I came to Jonathan Strange & Mr Norrell high on a renewed love of fantasy. Fantasy has always been my go-to genre, but the small selections of my local library and bookstore provided me with a lot of Farmboy narratives and not much else. JS&MN isn’t the first novel I read that broke the mold, but it was the first novel I read that put fantasy into historical fiction. As I devoured page after page, I kept thinking: can you do that? The answer is, if you’re Susanna Clarke you can. To seventeen year-old me, Susanna Clark was the epitome of the two best things ever: a historian and a fantasy author. She has, perhaps, influenced me more than any other professional.

Clarke’s footnote-laden style lends legitimacy to JS&MN as an academic historical work, both by referencing nonexistent novels or events and by recounting stories (primarily folklore) in a pseudo-academic tone. This contrasts with the tone of the main text: wry, sarcastic, and ominous in turn, but never attempting to be impartial. I found the most interesting dichotomy to refer to magic and fairies. For example, when my favorite character, Stephen Black, is being plagued by a fairy known as the gentleman with the thistle-down hair (who believes that Stephen must be made king), the gentleman contrives to give him all sorts of presents in strange ways.

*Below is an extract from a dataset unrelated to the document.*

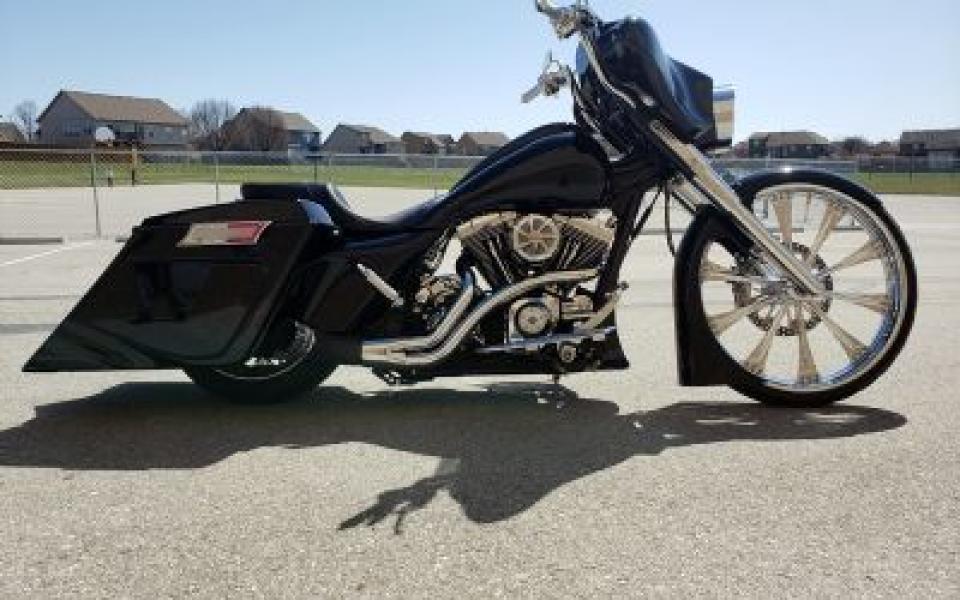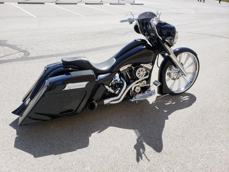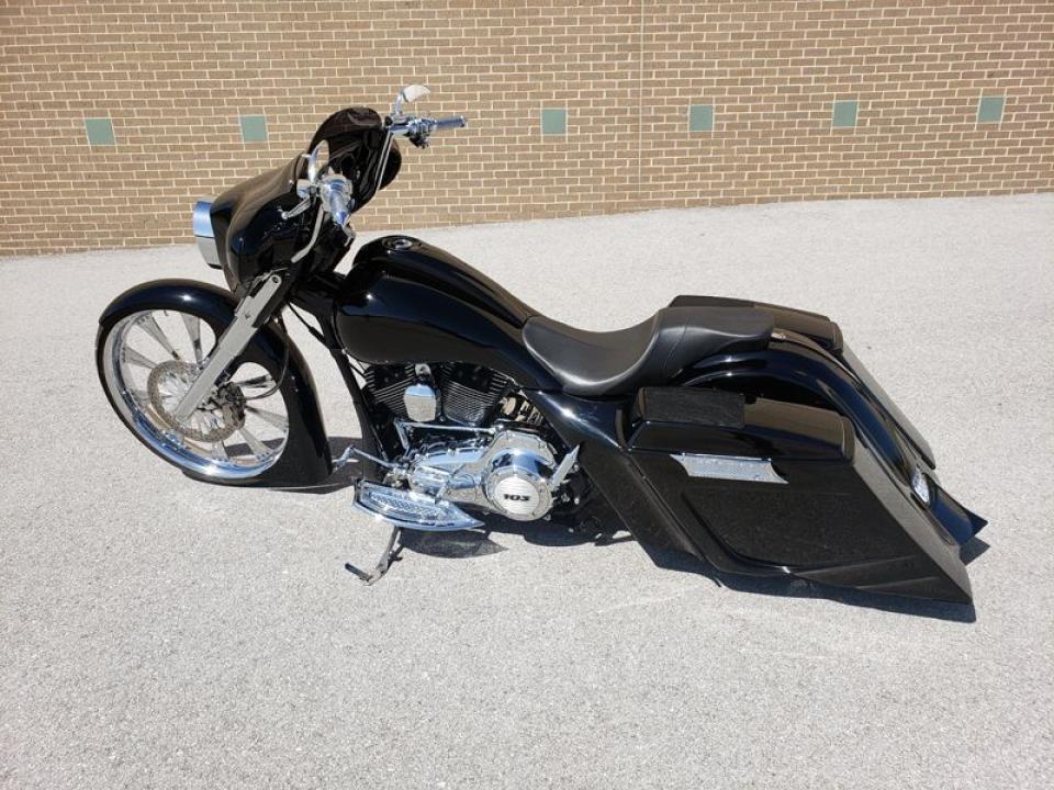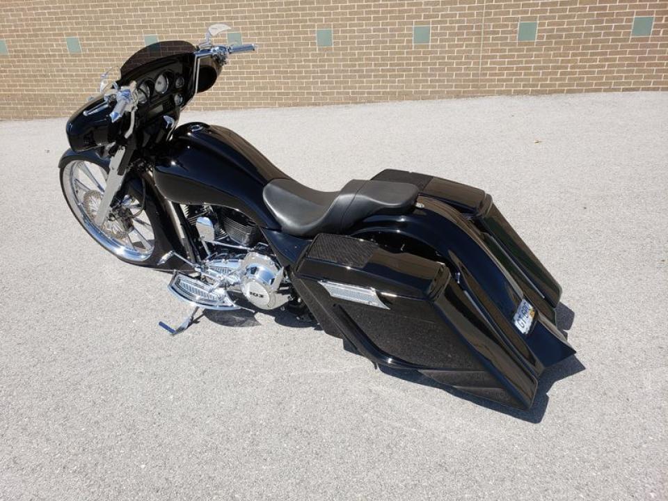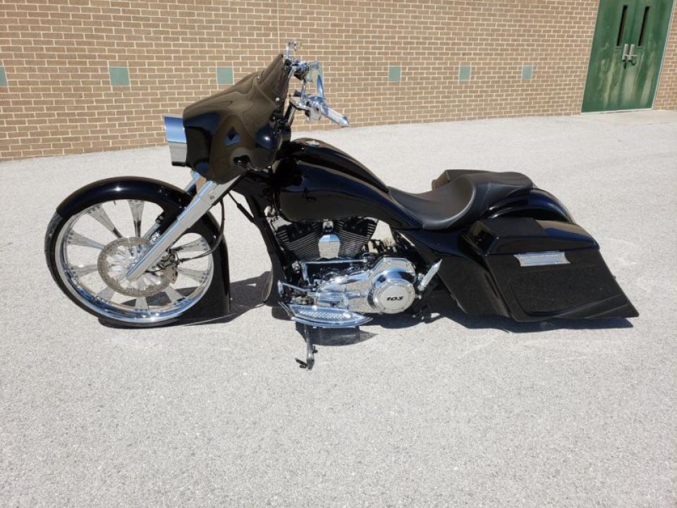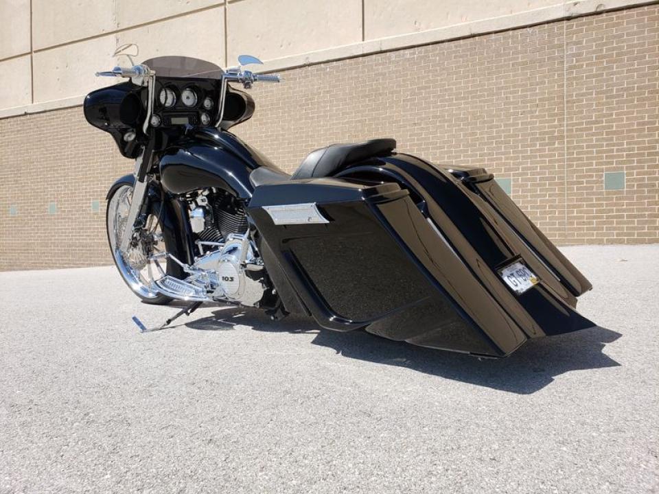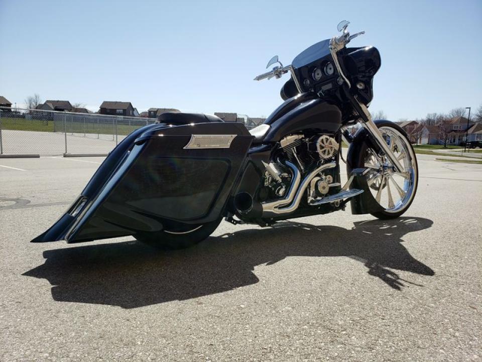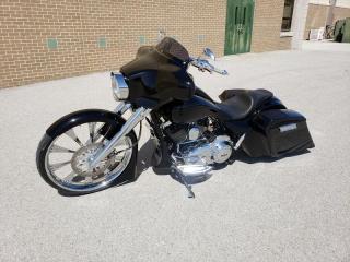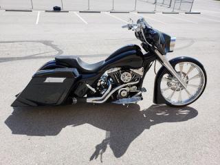 Procurez-vous cette Harley Davidson Street Glide 2011 avant qu'elle ne disparaisse ! Cette Harley n'a eu qu'un seul propriétaire et plus de 45 000 $ y ont été investis uniquement en travail personnalisé ! Elle a été achetée neuve chez Gails Harley Davidson et a toujours été garée. Il n'a jamais été déposé ni abusé. Il a eu un nouveau kit moteur où le moteur s'ennuyait et a maintenant une came 259, des têtes fraisées, une poulie de puissance dans la transmission, une roue de 26 pouces, une suspension pneumatique (Dirty Air), des sacs étirés et bien plus encore ! Le propriétaire a fait couper le cou et a fait un kit de râteau à 7 degrés avec des arbres triples HHI à 7 degrés.

He causes twenty-five guineas to appear in the till of Mrs. Brandy’s grocery—money that, he says, will become Stephen’s when the two of them wed. The sudden appearance of the guineas is presented in ominous terms:

A heap of shining guineas was lying there. Mrs Brandy picked up one of the coins and examined it. It was as though she held a ball of soft yellow light with a coin at the bottom of it. The light was odd. It made Mrs Brandy, John and Toby look quite unlike themselves: Mrs Brandy appeared proud and haughty, John looked sly and deceitful and Toby wore an expression of great ferocity. Needless to say, all of these were qualities quite foreign to their characters. But stranger still was the transformation that the light worked upon the dozens of small mahogany drawers that formed one wall of the shop. Upon other evenings the gilt lettering upon the drawers proclaimed the contents to be such things as: Mace (Blades), Mustard (Unhusked), Nutmegs, Ground Fennel, Bay Leaves, Pepper of Jamaica, Essence of Ginger, Caraway, Peppercorns and Vinegar and all the other stock of a fashionable and prosperous grocery business. But now the words appeared to read: Mercy (Deserved), Mercy (Undeserved), Nightmares, Good Fortune, Bad Fortune, Persecution by Families, Ingratitude of Children, Confusion, Perspicacity and Veracity. It was as well that none of them noticed this odd change. Mrs Brandy would have been most distressed by it had she known. She would not have had the least notion what to charge for these new commodities.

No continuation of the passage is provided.